My guys both have 42" .... And they so nice on each side of our bed


----------



## MittaBear (Mar 9, 2010)

Chester has a 42". He's only 5 months old and not full grown yet and I know for sure he wouldn't fit in a 36". He stretches his whole body out so far when he sleeps and I don't think he'd be comfortable in a 36".


----------



## Loisiana (Jul 29, 2009)

Conner fits best in a 42 inch crate, but when we're in the car and sometimes at shows he has to squeeze into a 36. The others are fine in a 36.


----------



## gldnlvr (Jun 21, 2010)

So sounds like 42 is the way to go. Cash has outgrown the one we have It was given to us he's 3 months lol. I was really surprised to see my husband on the couch asleep and Cash asleep on his bed in the living room when I got up at 430 for work this morning. He did very good not a accident but I sure dont trust in it yet lol he's getting a bigger crate.


----------



## acupofteha (Jun 28, 2010)

We have both for Bailey, We originally bought the 36" but she has grown to tall for it, we now have the 42. But may go back to the 36" because shes destroying the bottom of the 42" lol


----------



## firedancer722 (Apr 12, 2010)

I got the 42 inch crate. It is plenty long for Charlie but he just fits the height of it when he's standing up! Whew! I hope he doesn't get taller!


----------



## ataylor (Dec 28, 2008)

My dogs both have a 36" crate. Because they are only crated in the car and at shows. They are not crated at home. So, they aren't in crates a whole lot. If they are in their crates, they are only in there for a little while. If they were crated at home, I would get them a 42".


----------



## jackie_hubert (Jun 2, 2010)

We had a 36" from a previous dog so we've been using it but at 45lbs at 4.5 months Cosmo is going to outgrow it in a few months. I would say the bigger is better. We hope our guy will be okay in the house by the time he outgrows his. Otherwise I may need to start free crate hunting...


----------



## GoldenSail (Dec 30, 2008)

I bought a 42 and wished I had just gotten the 36, to be honest. There is a huge difference in size, with the 42 being this monstrosity that won't fit expanded in my car (and I have a wagon).

Luckily, my friend gave me her smaller crate when she didn't need it, and I leave it for car travels and it is so much better. If you have a big golden though, I could see where you'd have to get the 42. For girls that will be within the standard range (21.5-22.5 inches and 55-65 lbs), I vote for the 32. Not sure if that is cramped for boys that are within the standard.

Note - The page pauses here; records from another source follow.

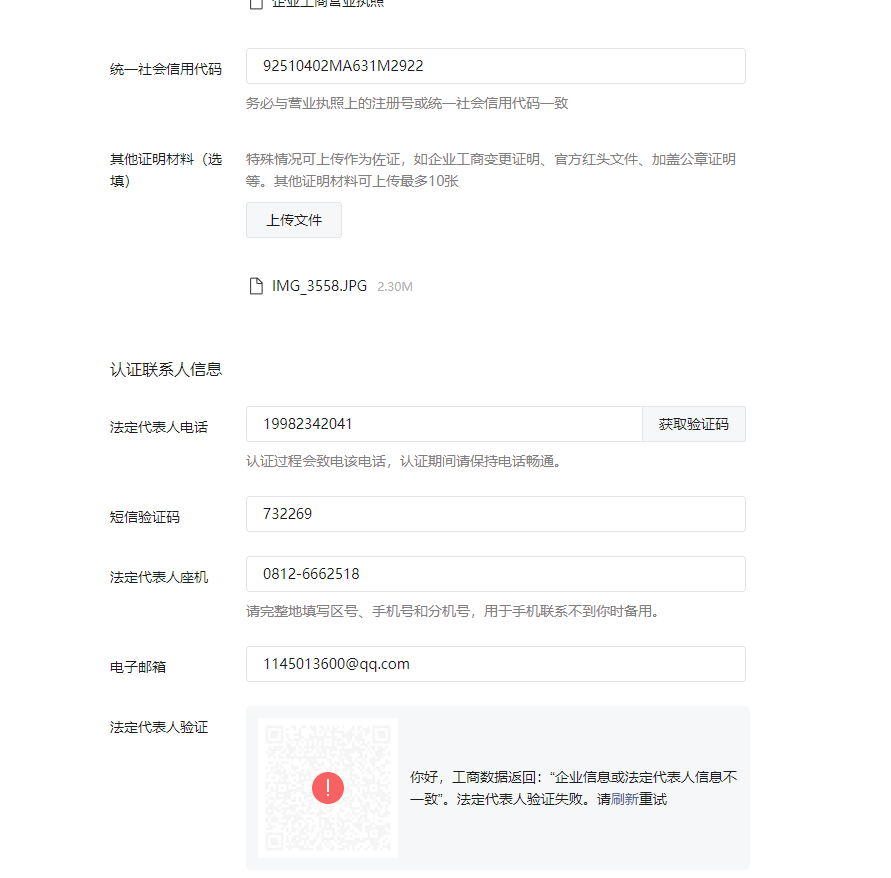 一直提示:法定代表人信息不一致!
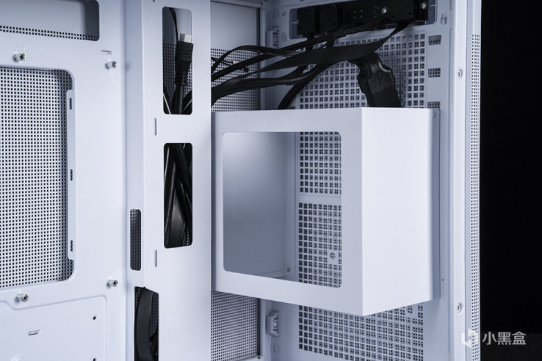 右侧的电源仓采用三档可调节设计,从而满足各种硬件配置的搭配使用,如果显卡长度保持在320mm以内,三档位置可以随意安装。如果超过320mm且超长显卡,那么就需要将电源向上安装,保证显卡与电源安装位冲突,好比我们本次使用360水冷+14cm的ATX+352mm的4080显卡,就需要将电源仓位调整到第二格。
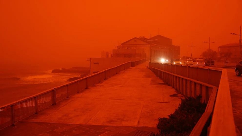 Сильные южные ветры принесли огромные массы песка из Сахары на греческие острова. Небо над Критом, Санторини, Наксосом и Миконосом окрасилось в оранжево-красный цвет, видимость резко упала — днём автомобили ездят с включёнными фарами.
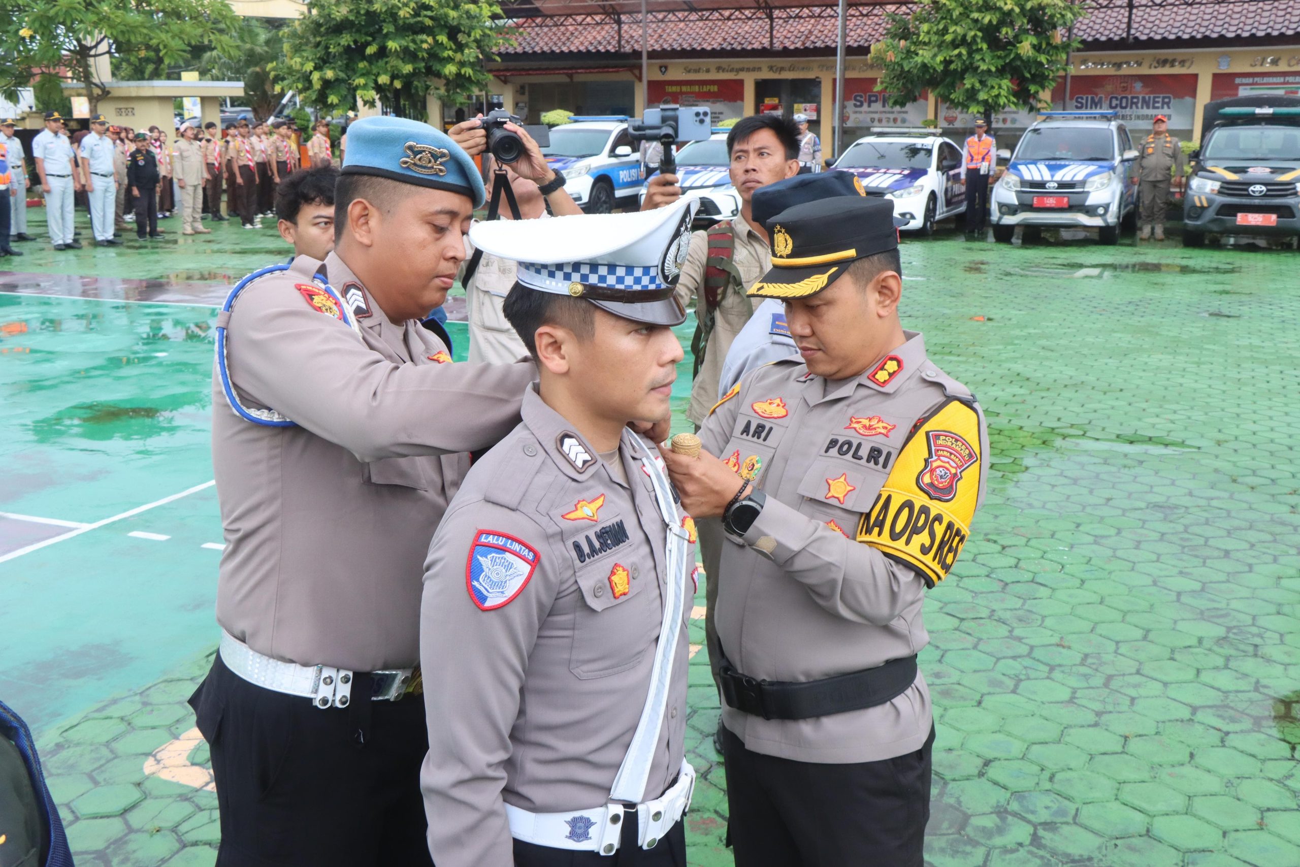 Sebagai tanda dimulainya operasi, Kapolres Indramayu, AKBP Ari Setyawan Wibowo, S.H., S.I.K., M.Si., memasangkan pita operasi kepada perwakilan personel.

Scout is 21.5 inches and 55 lbs.


----------



## gldnlvr (Jun 21, 2010)

Once Cash is old enough and trained I plan on not using a crate we have done this with our past dogs. Once house trained and once he can be trusted he can have full range in the house while we are gone. So maybe a 36 will be okay it will be used outside the home when we need it.


----------



## Golden123 (Dec 6, 2009)

We have 2, 42" crates. When Sadie was a pup I used the divider that came with it to section it off in half, once she grew into that I took out the divider. I have one crate in my bedroom and the other in the family/living room.


----------



## AmbikaGR (Dec 31, 2007)

All of mine are 36" both in the car and the house.
I used the divider for the pup but removed it today as it was getting a little tight.


----------



## Lennap (Jul 9, 2010)

I believe I've got a 48" crate - but then again Remy is absurdly tall and long. It fits him just right, espeically since he is not one of those dogs that curls up when he sleeps.


----------



## sdain31y (Jul 5, 2010)

We have both - the baby Darby is sleeping in the 36 and he's got tons of room. We had the 42 for Jazz and she had more then enough room, but she HATED it anyway. So, when or if the 36 is too small, Darby can move right into the 42. It does take a lot more room.


----------



## sameli102 (Aug 23, 2009)

I have both, 42" for home and 36" for the van which works out fine, not as much room needed for short trips and the big one just takes up too much room in the van.
My full grown goldens are very comfy in the 42", they roll on their backs and prop their hind feet up on the back.


----------



## damita (Jun 4, 2009)

My girls have 36" and my boys have 42" (although CJ fits just fine in a 36" and Cooper likes to hike his 80lbs into the smallest vari kennel he can find).


----------



## doggylove86 (Aug 26, 2010)

I would say 42".

I got a 36" for my dog who is 45 lb full grown. If she were any bigger, I'd get the next size up. So if you've got a really small golden then 36" works, otherwise go bigger.


----------